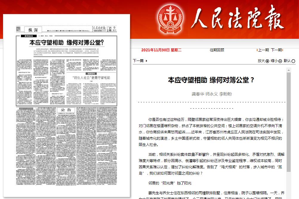 2021年11月30日《人民法院报》第06版你是否也有过这种经历,隔壁邻居家经常深夜传出巨大噪音,你去沟通却被冷脸相待;对门邻居在楼道堆积杂物,挤占了本就狭窄的公共空间;楼上邻居家的空调外机不停向下滴水,你协商投诉未果怒而起诉……近年来,江苏省苏州市虎丘区人民法院在司法实践中发现,随着城市化的演进,乡土中国逐渐式微,守望相助的邻人共同体也渐渐演变为相见不相识的陌生人社会。
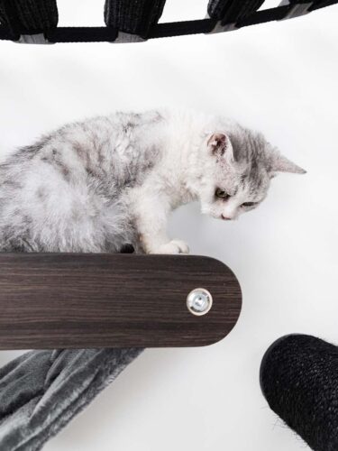 - Le hamac est fabriqué en bois d’eucalyptus solide et convient également aux chats grands et lourds
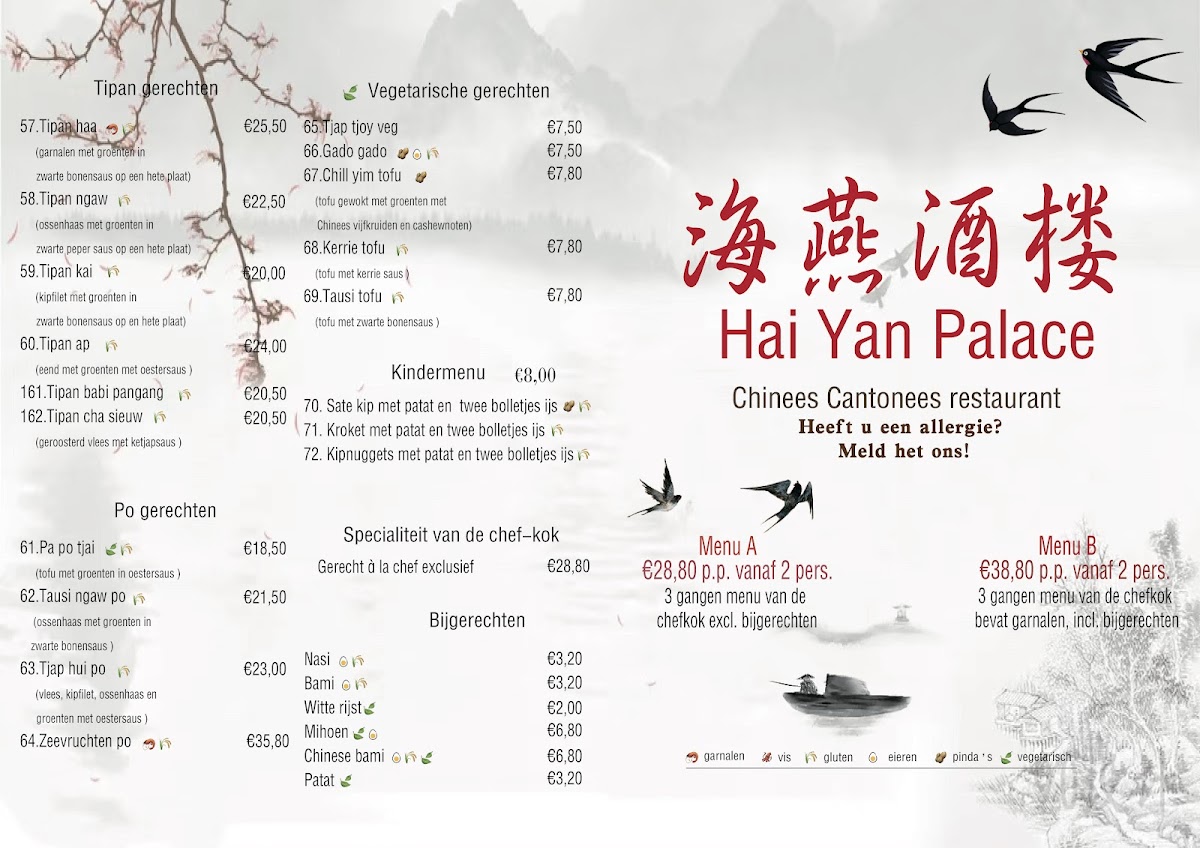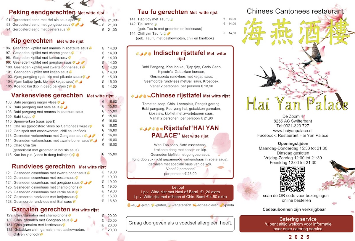 Welcome to Hai Yan Palace, a hidden gem nestled in Swifterbant, Netherlands. Located at De Zoom 4, this charming eatery offers an authentic taste of Chinese cuisine that stands out even in a small locality. Patrons rave about the swift delivery and the freshness of the dishes. One highlight is the restaurant's flexible chef, renowned for accommodating specific requests and crafting traditional meals that resonate with authentic flavors.

◆ **What you are asked to do**: Leaving out the pictures, transcribe the material above exactly.

◆ **Answer section**:
 2021年11月30日《人民法院报》第06版你是否也有过这种经历,隔壁邻居家经常深夜传出巨大噪音,你去沟通却被冷脸相待;对门邻居在楼道堆积杂物,挤占了本就狭窄的公共空间;楼上邻居家的空调外机不停向下滴水,你协商投诉未果怒而起诉……近年来,江苏省苏州市虎丘区人民法院在司法实践中发现,随着城市化的演进,乡土中国逐渐式微,守望相助的邻人共同体也渐渐演变为相见不相识的陌生人社会。
 - Le hamac est fabriqué en bois d’eucalyptus solide et convient également aux chats grands et lourds
 Welcome to Hai Yan Palace, a hidden gem nestled in Swifterbant, Netherlands. Located at De Zoom 4, this charming eatery offers an authentic taste of Chinese cuisine that stands out even in a small locality. Patrons rave about the swift delivery and the freshness of the dishes. One highlight is the restaurant's flexible chef, renowned for accommodating specific requests and crafting traditional meals that resonate with authentic flavors.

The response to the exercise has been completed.